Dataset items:
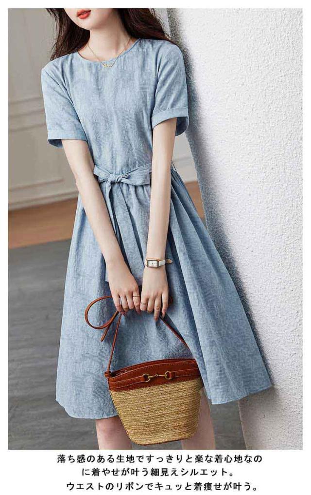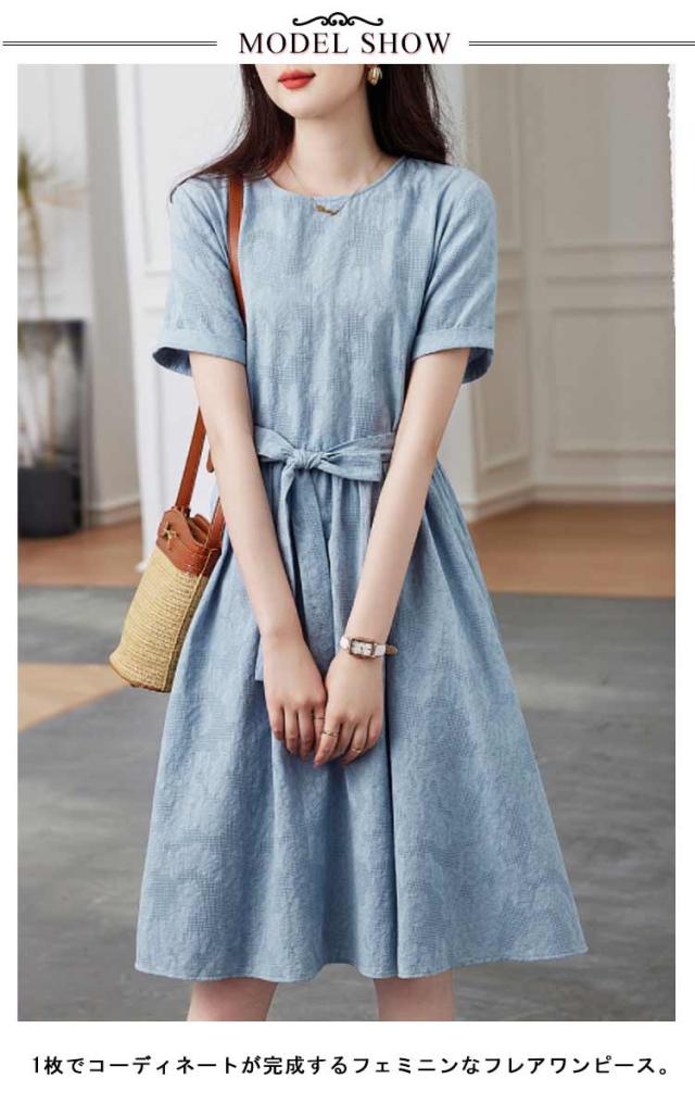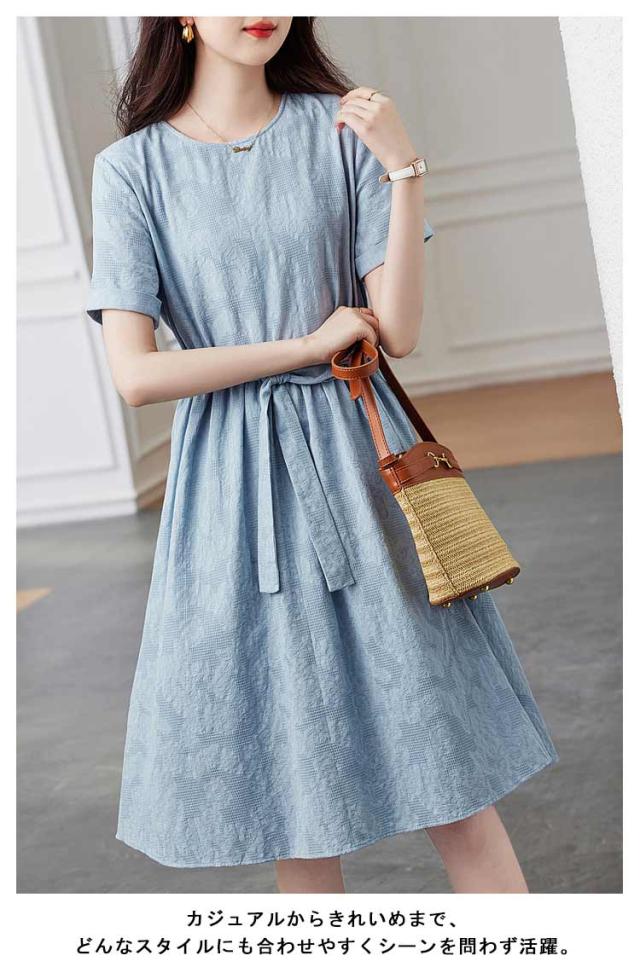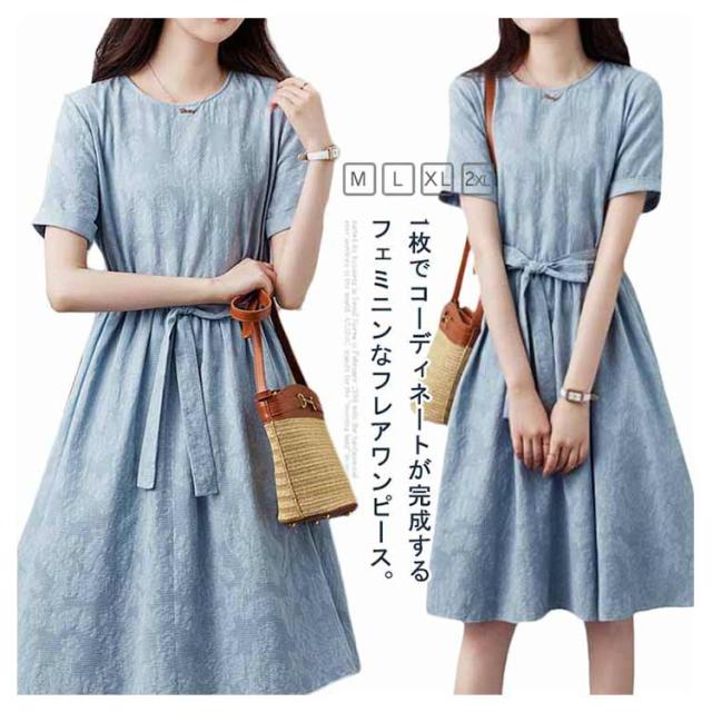 フレアワンピース 膝丈ワンピース 膝丈 ワンピース 夏 送料無料 きれいめ ワンピース ラウンドネック 花柄 リボン Aライン 着痩せ 送料無料 レディース 美シルエット 上品 おしゃれ 大人可愛い シンプル 無地 すっきり オフィス 通勤
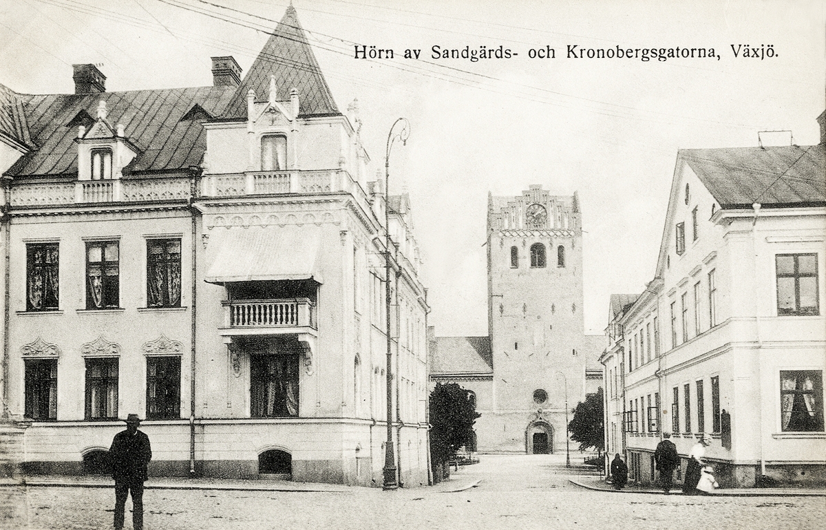 Hörnet av Kronobergsgatan - Sandgärdsgatan, ca 1910. Till vänster ser man apotekshuset, kv. Lejonet 3 och till höger några av husen i kvarteret Kristina, med domkyrkan i bakgrunden.
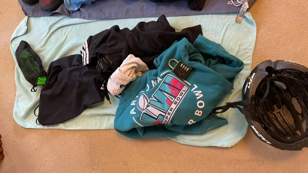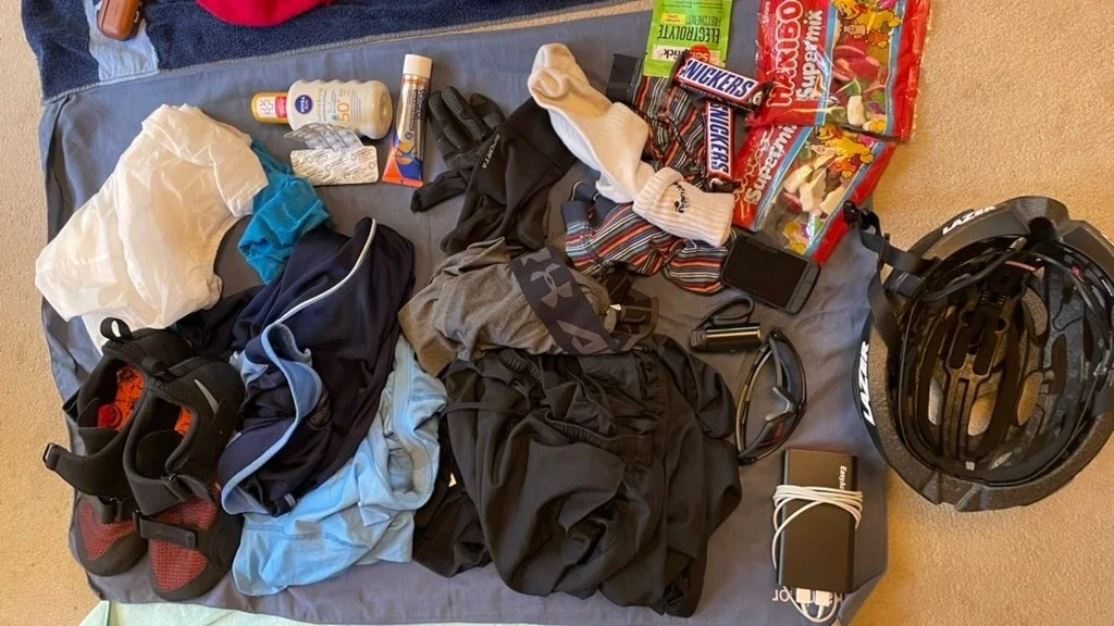 Bike kit, essentials although the suncream ended up being a little optimistic.
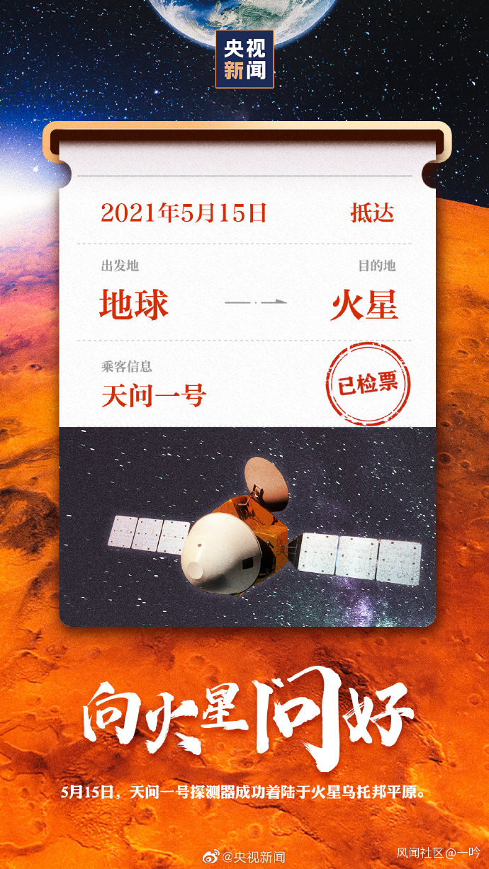 天問一號着陸,央視新聞微博下最熱評論竟然是……!_風聞
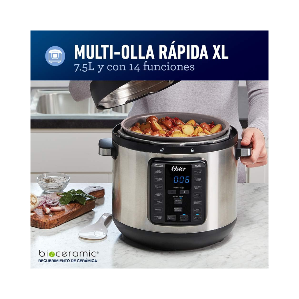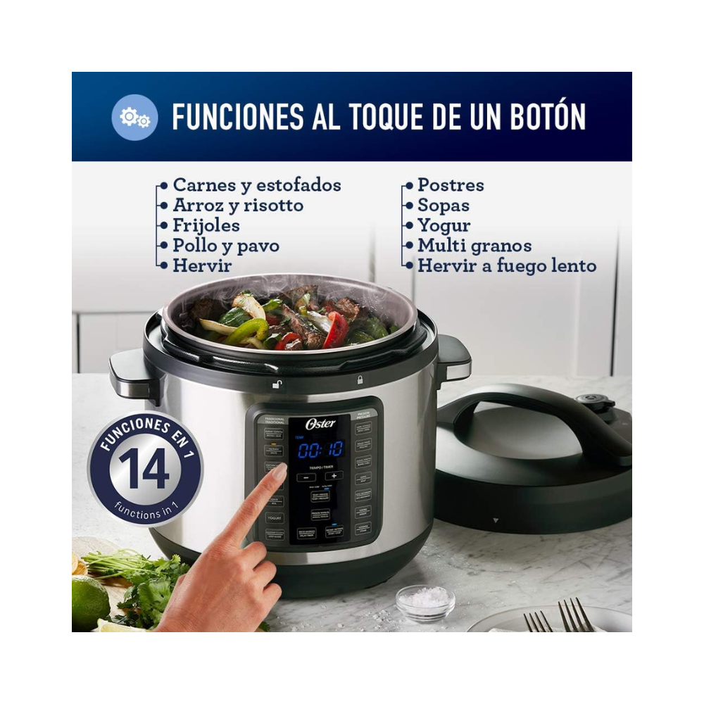 Multi-Olla Oster 7.5 Litros, 14 Funciones, Color Acero
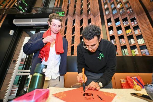 Ahmed mohamed Saleh (L) attends a Spring Festival folk activity at the Zhongshuge Bookstore in Tianjin, north China, Jan. 26, 2025. (Xinhua/Sun Fanyue)
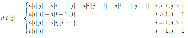 ret[i][j]=ret[i-1][j]+ret[i][j-1]+arr[i][j]-ret[i-1][j-1];
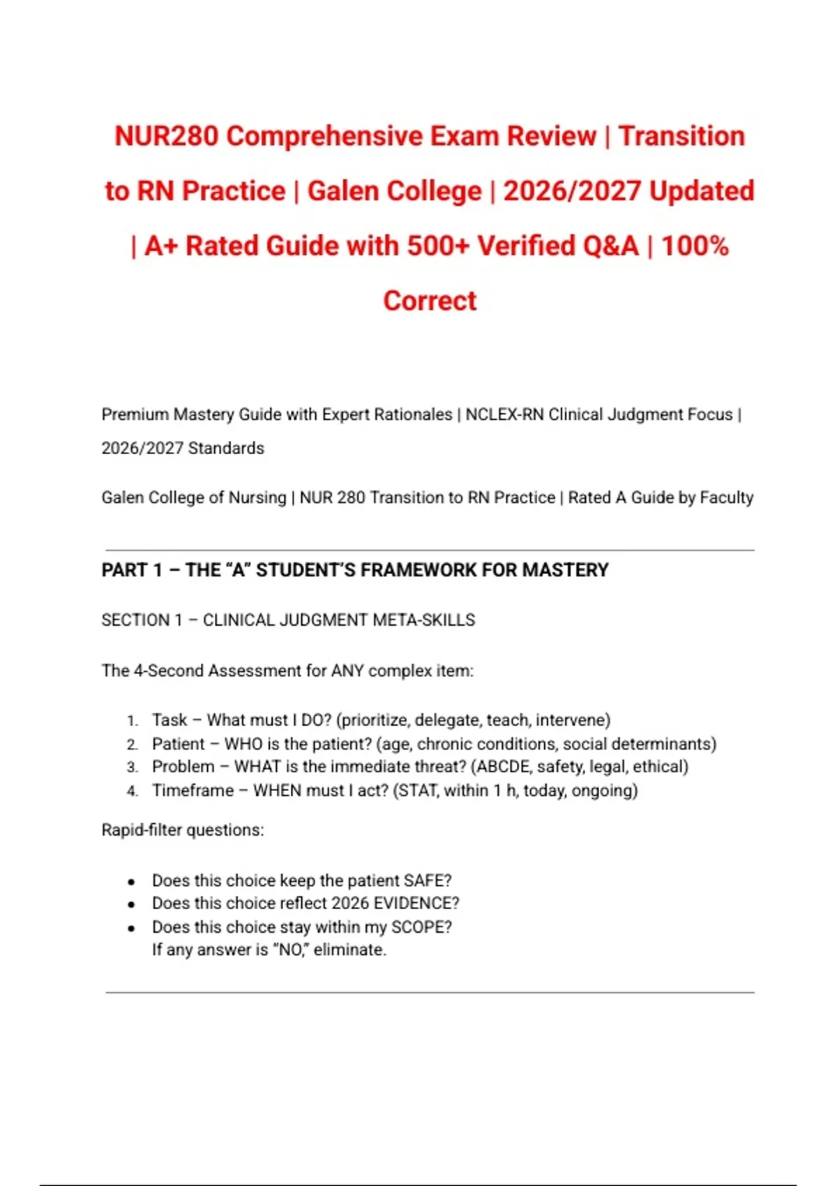 Galen College of Nursing | NUR 280 Transition to RN Practice | Rated A Guide by Faculty
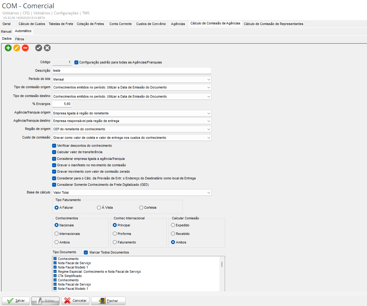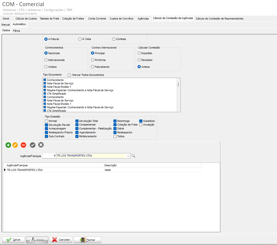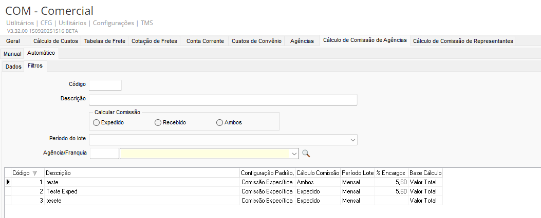 No módulo CFG, acesse: Utilitários > Configurações > TMS > COM – Comercial > Cálculo de Comissão de Agências
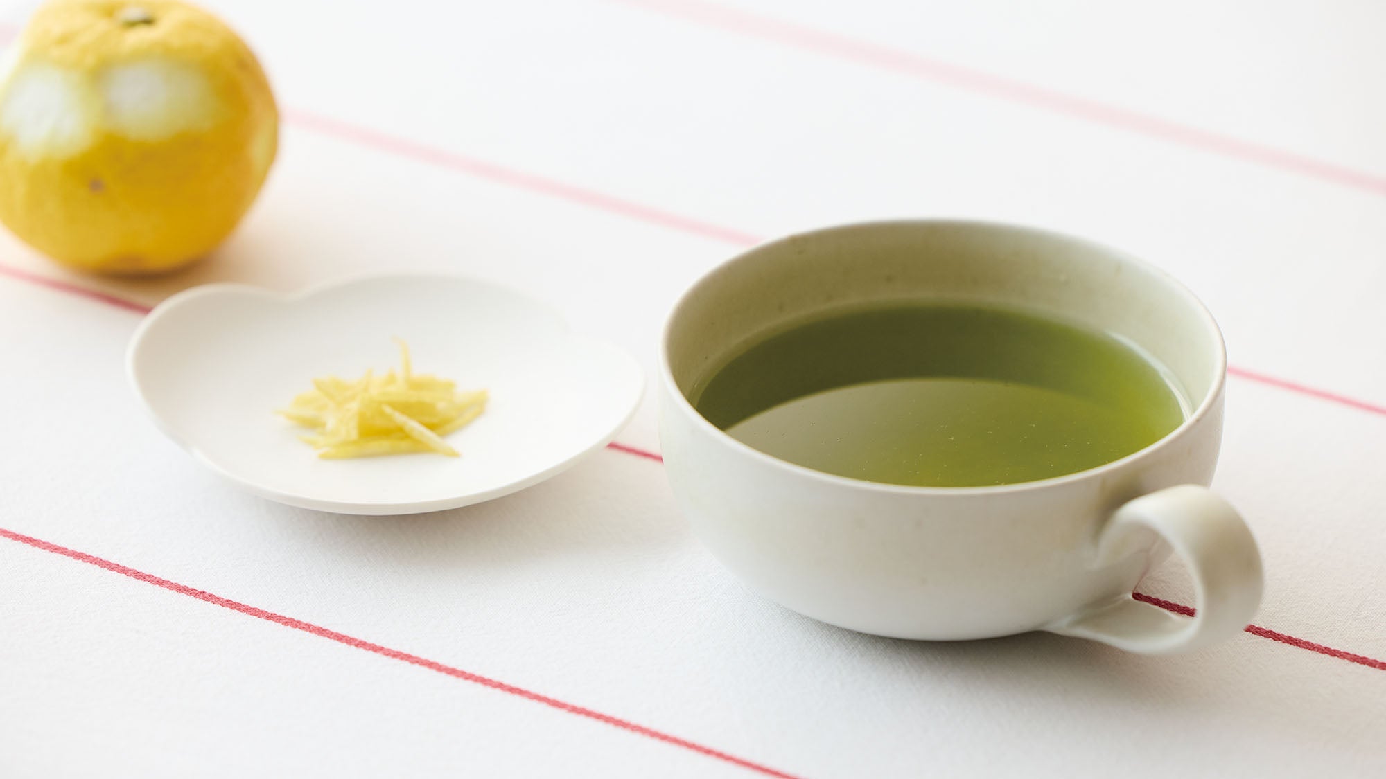 器をお湯で温めておきます(分量外)。急須に入れた茶葉の上に柚子の皮をのせ、80℃のお湯100mlを注ぎ、1分蒸らしてから器に注ぎます。
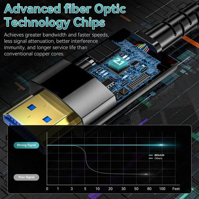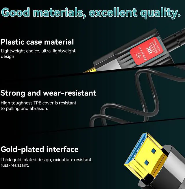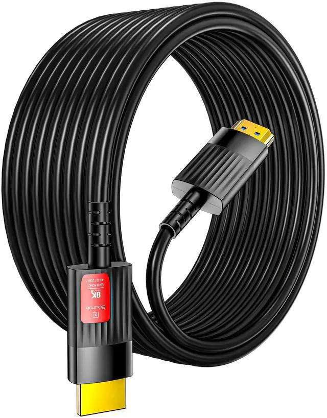 8K Fiber Optic HDMI cable Fiber Optic hdmi cable built with gold-plated connectors, and top chips to ensure high-speed and flawless signal transmission, supports 8k@60hz 4k@120hz (resolution up to 7680*4320), 3D, Dynamic HDR, 4:4: 4 RGB, HDCP 2.2 & 2.3. and adds enhanced audio return channel (eARC), provides high-definition audio quality. Enjoy full HD crystal-clear TV sound quality while experiencing deep colors and high-resolution images, Provides you the best visual experience of ultra high definition. ^^ Enhanced Gaming ExperienceCompared to 4K hdmi cable, 8K Fiber Optic hdmi cable supports 48 Gbps of bandwidth, Transmit audio, video and photos at lightning speed without having to wait for buffering. Plug and play without preinstalling drivers. and also supports variable refresh rate (VRR), solves the problem of picture freeze and tear, making the game more smooth. this 8K Fiber Optic HDMI Cable is the only hdmi cable youll need for the next 10 years. ^^ High quality & DurableHDMI 2.1 fiber optic cable Equipped with the most advanced fiber optic technology, it is the future direction of wire by achieving greater bandwidth and faster speed, less signal attenuation, better interference immunity, longer service life and higher carrying capacity than traditional copper cores, while being thinner and lighter and flexible. Long HDMI cable is the best choice for home renovation, reducing the cost of changing cables due to future demand increases.
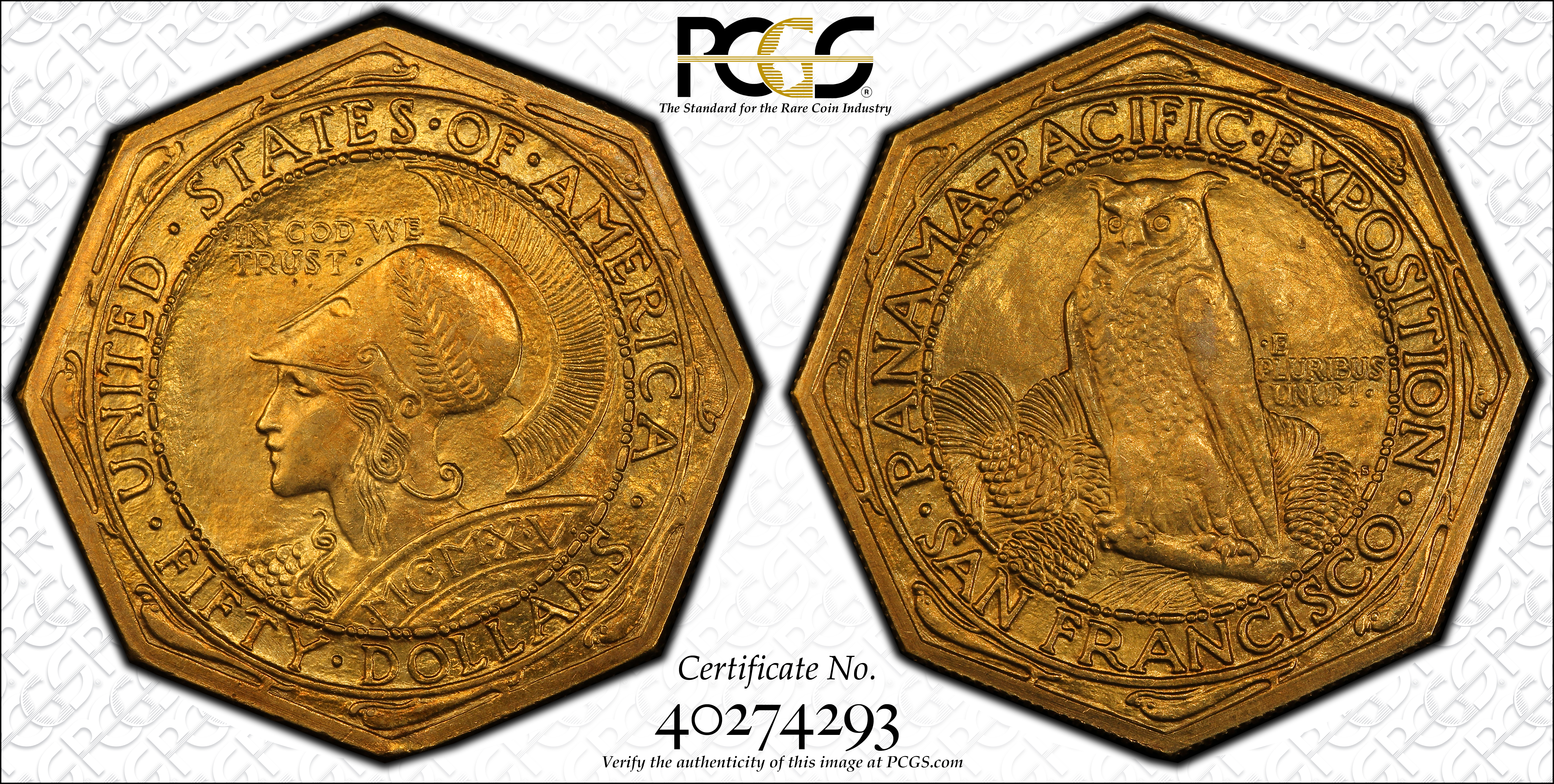 1915-S $50 Panama-Pacific, Octagonal MS64 Certification #40274293, PCGS #7452
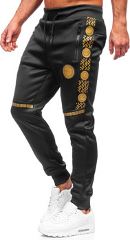 Opis Czarne spodnie sportowe Denley z bawełny w sportowym stylu Czarno-złote spodnie męskie dresowe Denley HM665 to…
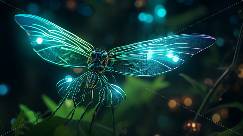 Bioluminescent insects creating a mesmerizing light display in the heart of the jungle
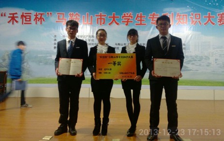 12月23日,由安徽禾恒冶金机械股份有限公司赞助,市知识产权局主办、马鞍山市(安徽工业大学)知识产权与创新方法培训基地协办、河海大学文天学院具体承办的马鞍山“禾恒杯”大学生专利知识大赛决赛在河海大学文天学院图书馆多功能报告厅举行。我校冶金学院吴雪健、徐忠瑞、汪玉、韩俊俊组成的创知队经过激烈的专利知识竞答、辩论赛和专利设想展示等环节,荣获一等奖(第一名),指导教师杨建获优秀指导教师称号。
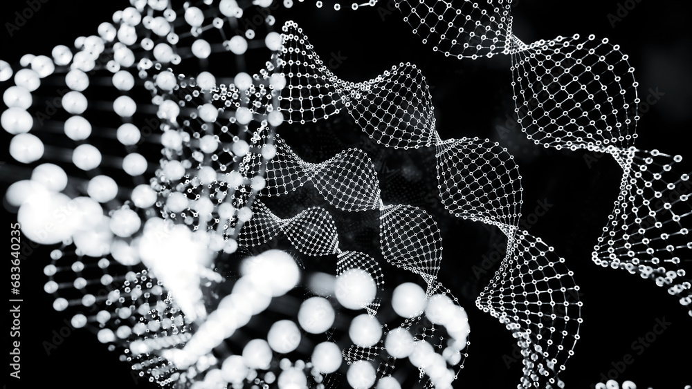Wall mural rotating movement of flying spheres in space. design. monochrom spiral shapes of small dots.

BRIEF - All that is needed is an exact copy of the lines from the top of the entries through the line containing "器をお湯で温めておきます(分", pictures left out.

RESULT -
 フレアワンピース 膝丈ワンピース 膝丈 ワンピース 夏 送料無料 きれいめ ワンピース ラウンドネック 花柄 リボン Aライン 着痩せ 送料無料 レディース 美シルエット 上品 おしゃれ 大人可愛い シンプル 無地 すっきり オフィス 通勤
 Hörnet av Kronobergsgatan - Sandgärdsgatan, ca 1910. Till vänster ser man apotekshuset, kv. Lejonet 3 och till höger några av husen i kvarteret Kristina, med domkyrkan i bakgrunden.
 Bike kit, essentials although the suncream ended up being a little optimistic.
 天問一號着陸,央視新聞微博下最熱評論竟然是……!_風聞
 Multi-Olla Oster 7.5 Litros, 14 Funciones, Color Acero
 Ahmed mohamed Saleh (L) attends a Spring Festival folk activity at the Zhongshuge Bookstore in Tianjin, north China, Jan. 26, 2025. (Xinhua/Sun Fanyue)
 ret[i][j]=ret[i-1][j]+ret[i][j-1]+arr[i][j]-ret[i-1][j-1];
 Galen College of Nursing | NUR 280 Transition to RN Practice | Rated A Guide by Faculty
 No módulo CFG, acesse: Utilitários > Configurações > TMS > COM – Comercial > Cálculo de Comissão de Agências
 器をお湯で温めておきます(分量外)。急須に入れた茶葉の上に柚子の皮をのせ、80℃のお湯100mlを注ぎ、1分蒸らしてから器に注ぎます。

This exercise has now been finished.